In Europa kann die Reaktion auf Wettbewerbsinitiativen durch strategische Investitionen in Praktiken der Kreislaufwirtschaft den Markenruf und die Kundenbindung stärken. Indem sie der nachhaltigen Beschaffung und dem Recycling Priorität einräumen, können Unternehmen nicht nur strenge Vorschriften einhalten, sondern sich auch in einem überfüllten Markt differenzieren und so letztlich Wachstum und Rentabilität steigern.
| Wettbewerbsdynamik und strategische Einblicke | ||
| Bewertungsparameter | Zugewiesene Skala | Skalenbegründung |
|---|---|---|
| Marktkonzentration | Hoch | Dominiert von großen Playern wie China Baowu und ArcelorMittal, bei begrenztem Wettbewerb. |
| M&A-Aktivitäten / Konsolidierungstrend | Aktiv | Häufige Fusionen (z. B. die Übernahmen von Tata Steel) treiben die Konsolidierung der Branche voran. |
| Grad der Produktdifferenzierung | Niedrig | Standardisierte Produkte wie Stahlstangen und -bleche schränken die Differenzierungsmöglichkeiten ein. |
| Wettbewerbsvorteil und Nachhaltigkeit | Erosion | Preisschwankungen und globaler Wettbewerb gefährden langfristige Vorteile. |
| Innovationsintensität | Medium | Die Fokussierung auf umweltfreundlichen Stahl und Recyclingtechnologien treibt moderate Innovationen voran. |
| Kundenloyalität / Kundenbindung | Schwach | Preissensibilität und globale Lieferketten verringern die Kundenbindung. |
| Vertikale Integrationsebene | Hoch | Große Unternehmen kontrollieren Abbau, Produktion und Vertrieb aus Kostengründen. |
Der Markt für Eisen und Stahl wird im Jahr 2026 auf ein Volumen von 1,92 Billionen US-Dollar geschätzt.
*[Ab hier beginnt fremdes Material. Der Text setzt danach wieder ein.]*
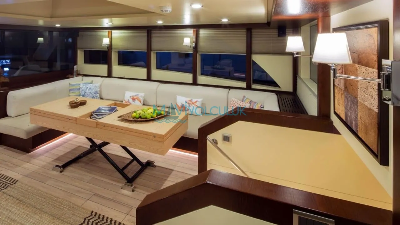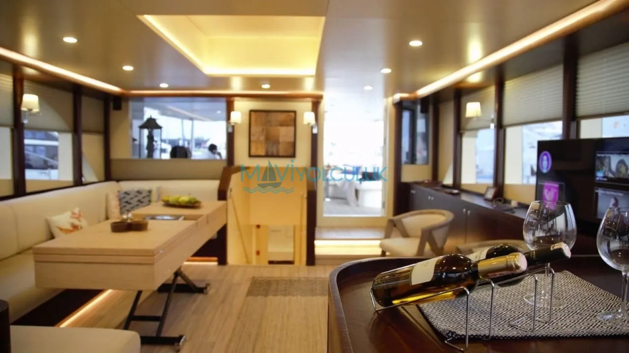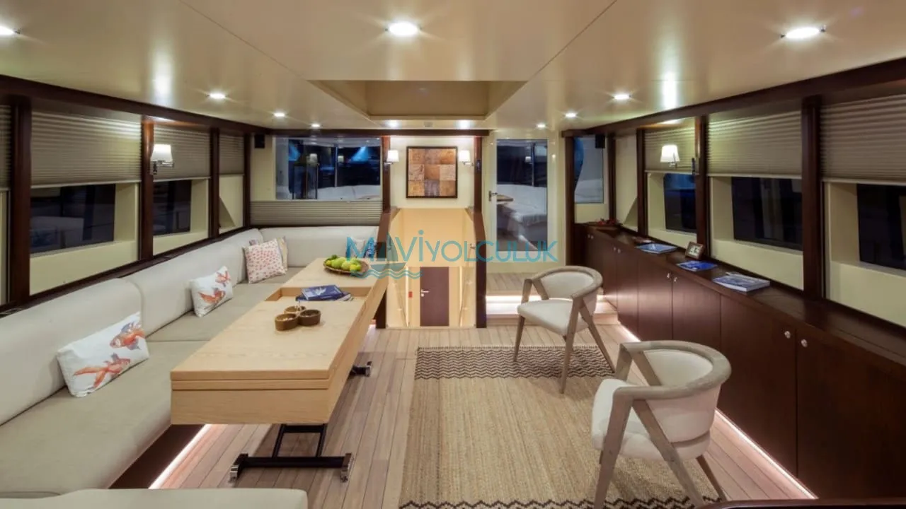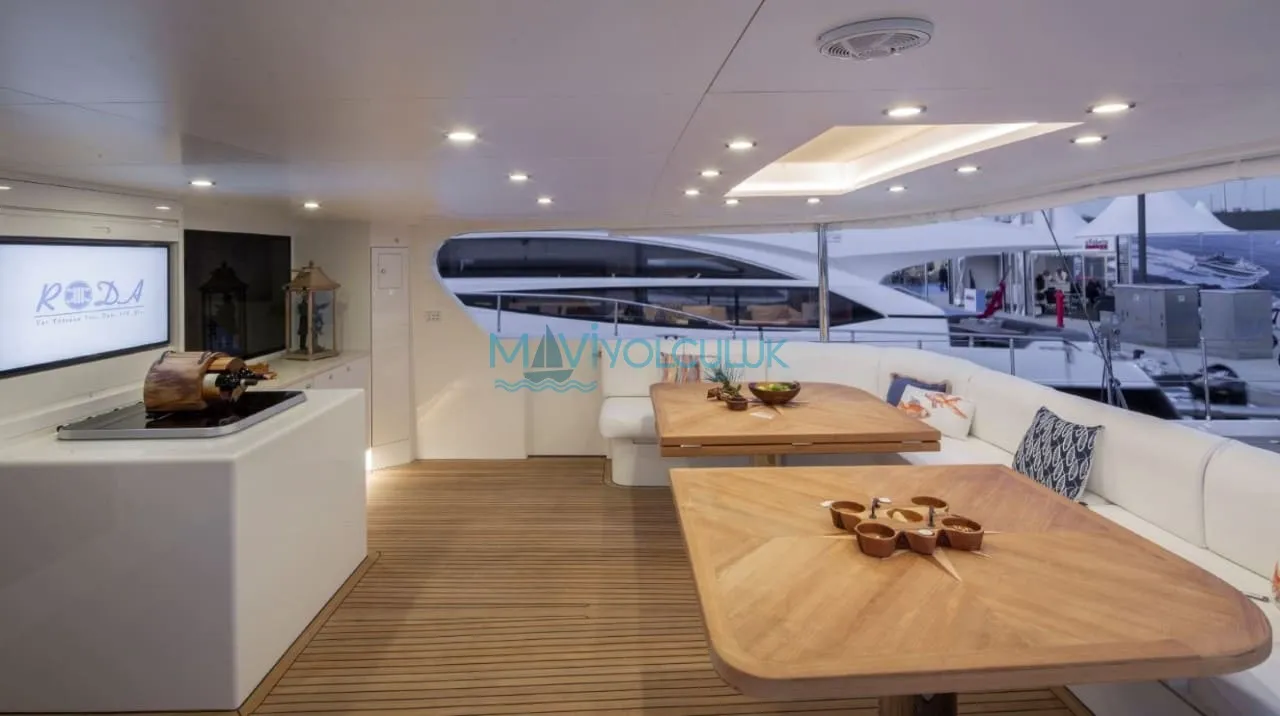 Yatımızın arka güvertesinde ‘’U’’ şeklinde bir oturma grubu ve büyük bir yemek masası ve küçük bir açılır kapanır platform bulunmaktadır. Ön kısmında bütün misafirlerimize yetecek güneşlenme minderleri ve güneşlenme alanı bulunmaktadır. Kiralık teknemizin arkasında bulunan ve denize doğru inen, 2 sandalye ve bir sehpanın sığabileceği özel bir platform bulunmaktadır.

Der Markt für Eisen und Stahl dürfte von 1,85 Billionen US-Dollar im Jahr 2025 auf 2,74 Billionen US-Dollar im Jahr 2035 anwachsen, was einer durchschnittlichen jährlichen Wachstumsrate (CAGR) von über 4 % im Zeitraum 2026-2035 entspricht.
Die Region Asien-Pazifik hielt im Jahr 2025 einen Marktanteil von über 57,6 %, was vor allem auf die Dominanz Chinas in der Stahlproduktion zurückzuführen ist.
Die Region Asien-Pazifik wird bis 2035 ein durchschnittliches jährliches Wachstum von mehr als 4,5 % erzielen, angetrieben durch Infrastruktur- und Industrieausbau.
Das Segment der Flachprodukte erreichte im Jahr 2025 einen Umsatzanteil von 54,45 %, angetrieben durch die hohe Nachfrage im Automobil- und Bausektor.
Zu den wichtigsten Wettbewerbern auf dem Eisen- und Stahlmarkt zählen ArcelorMittal (Luxemburg), China Baowu Steel (China), Nippon Steel (Japan), HBIS Group (China), POSCO (Südkorea), Tata Steel (Indien), JFE Steel (Japan), Thyssenkrupp (Deutschland), Nucor (USA) und Severstal (Russland).